Blood collection site
Rather than straining relief efforts by getting all of the 1,200 participants out of Marrakech, conference organizers worked with Moroccan authorities to set up a blood collection site near the conference centre, which was badly damaged.
Calder said it could have been much worse as he and other conference participants were scheduled to visit the Atlas Mountains on Sunday.
He said they were supposed to stay in villages that were hit hard by the earthquake.
"It's a roll of the dice, and a natural disaster like this … just brings human.existence into focus," he said. "We think we're so powerful but the Earth shrugs and doesn't much care about us."
Nova Scotians safe
Calder said all of the Nova Scotia delegates are safe and have been in touch with their families and Canadian officials.
People work next to damage in the historic city of Marrakech following the earthquake. (Abdelhak Balhaki/Reuters)

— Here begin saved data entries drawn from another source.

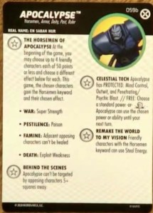 When I first saw this guy I thought he’d make a perfect primary attacker for the danger room pieces from the last X-men set. Or, he’d at least head up a really nice team of robot pieces from various sets (Ultron, I.S.S.A.C, Cyclops Sentinel, etc…) He could also be part of a very good Cadmus Labs teams with JLU058 Ace, JLU040 Amanda Waller, and JLU051E Batman Beyond. But honestly, any team could use a piece that is a great attacker and only takes one damage from opposing attacks. So lots of opportunity for this guy.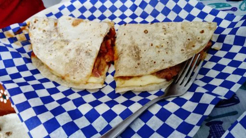 Deliciosa tortilla grande de harina casera con desbrada de la casa queso y verduras lechuga y cebolla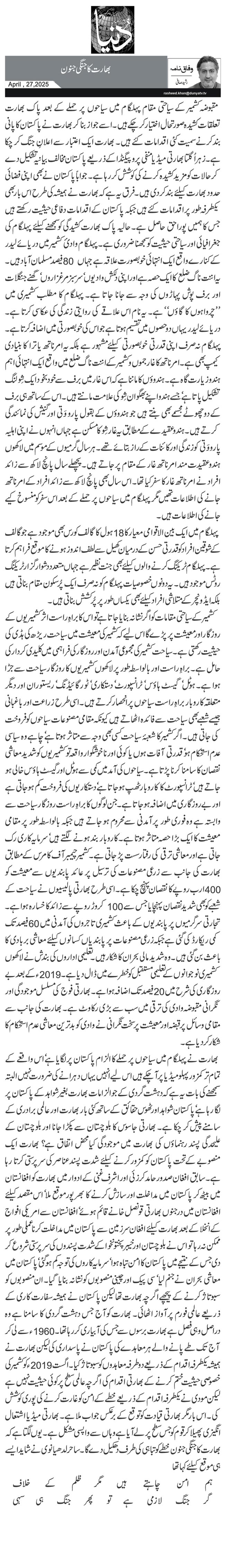 بھارت نے پہلگام میں سیاحوں پر حملے کا الزام پاکستان پر لگایا ہے‘ اس واقعے کے تمام تر کمزور پہلو میڈیا پر آ چکے ہیں اس لیے انہیں یہاں دہرانے کی ضرورت نہیں البتہ سمجھنے کی بات یہ ہے کہ دہشت گردی کے جو الزامات بھارت بغیر شواہد کے پاکستان پر لگا رہا ہے‘ پاکستان شواہد اور ٹھوس حقائق کے ساتھ کئی بار بھارت اور عالمی برادری کے سامنے پیش کر چکا ہے۔ بھارتی جاسوس کا بلوچستان سے پکڑا جانا اور بلوچستان کے علیحدگی پسند رہنماؤں کی بھارت میں موجودگی کیا محض اتفاق ہے؟ بھارت ایک منصوبے کے تحت پاکستان کو کمزور کرنے کیلئے شدت پسند عناصر کی سرپرستی کرتا رہا ہے۔ سابق افغان صدور حامد کرزئی اور اشرف غنی کے ادوار میں بھارت کو افغانستان میں بیٹھ کر پاکستان میں مداخلت اور سازش کرنے کا بھرپور موقع ملا‘ اس مقصد کیلئے افغانستان میں درجنوں بھارتی قونصل خانے قائم ہوئے‘ افغانستان سے امریکی افواج کے انخلا کے بعد بھارت کیلئے افغان سرزمین سے پاکستان میں مداخلت کرنا عملی طور پر ممکن نہ رہا تو اس نے بلوچستان اور خیبرپختونخوا کے شدت پسندوں کی سرپرستی شروع کر دی جس کے نتیجے میں پاکستان کا امن تباہ ہوا‘ سرمایہ کاروں کی توجہ کم ہو گئی‘ پاکستان میں معاشی بحران نے جنم لیا‘ سی پیک اور چینی منصوبوں کو نشانہ بنایا گیا۔ ان منصوبوں کو سبوتاژ کرنے کے پیچھے اگرچہ بھارت تھا لیکن پاکستان نے ہمیشہ سفارت کاری کے ذریعے عالمی فورم پر آواز اٹھائی۔ بھارت کو آج جس دہشت گردی کا سامنا ہے وہ دراصل وہی فصل ہے بھارت برسوں سے جس کی آبیاری کر رہا تھا۔ 1960ء سے لی کر آج تک طے پانے والے ہر معاہدے کی پاکستان نے پاسداری کی لیکن بھارت نے ہمیشہ یکطرفہ اقدام کے ذریعے دوطرفہ معاہدوں کو سبوتاژ کیا۔ اگست 2019ء کو کشمیر کی خصوصی حیثیت ختم کرنے کے بھارتی اقدام کی اگرچہ عالمی سطح پر کوئی حیثیت نہیں ہے لیکن مودی نے یکطرفہ اقدام کے ذریعے خطے کے امن کو غارت کرنے کی پوری کوشش کی۔ اس بار مگر بھارتی قیادت کو توقع کے برعکس جواب ملا ہے۔ بھارتی میڈیا اشتعال انگیزی پھیلا کر قوم کو جس سطح پر لے آیا ہے وہاں سے واپسی مشکل ہے۔ یوں لگتا ہے کہ بھارت کا جنگی جنون خطے کو تباہی کی طرف دھکیل دے گا۔ ساحر لدھیانوی نے شاید ایسے ہی موقع کیلئے کہا تھا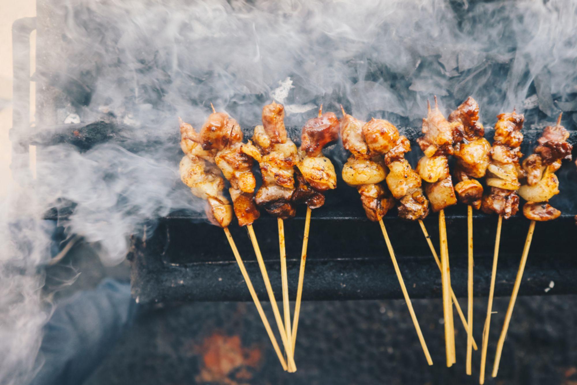 - Saté kent iedereen waarschijnlijk. Het populaire gerecht uit Indonesië en Maleisië wordt gegeten met witte rijst (vaak kleefrijst) en komkommer (al dan niet in het zuur). Vaak is de marinade of de saus die erbij wordt geserveerd afhankelijk van de vleessoort.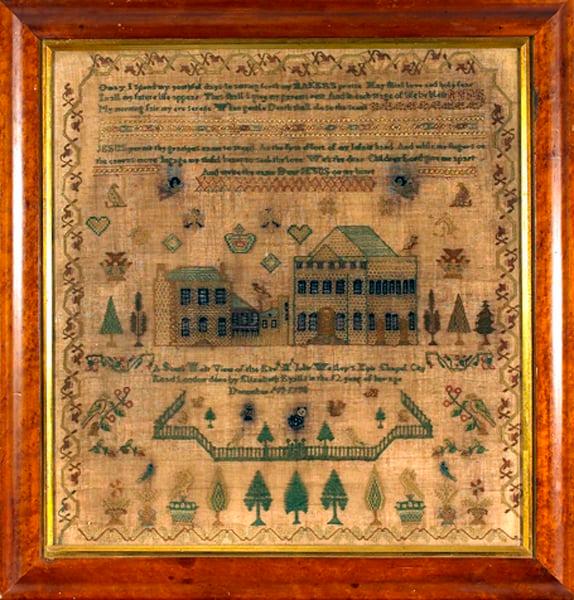 This sampler is both a fine example of late 18th century needlework and one of the earliest known depictions of Wesley's Chapel, the London base of the founder of Methodism, John Wesley. There are few surviving 18th-century depictions of the chapel, making it a rare and important object. Skillfully worked, it includes a variety of motifs and text including Christian verses and a dedication reading: A south west view of Revd Mr John Wesley's new chapel City Road London, done by Elizabeth Ryalls in the 12th year of her age December 19 1798.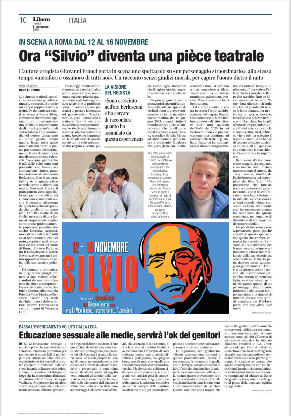 Rassegna Stampa Libero SILVIO 12 – 16 novembre Libero “Ora “Silvio” diventa una pièce teatrale” leggi l’articolo PHOTO-2025-11-11-14-35-02 libero_11_11_25

He said some people at the conference were traumatized by the events, but he said their experience is nothing compared to the loss of life, injuries and loss of homes the people of Morocco have suffered.
He said some people are leaving the conference a day early but many will stay until it ends. Calder said he will be driving to Casablanca on Tuesday and flying to Montreal from there.
"I cannot say enough about the Moroccan people and how resilient and how gracious [they have been] through such a tragedy," he said. "It's just, I think, the single thing I'll remember the most."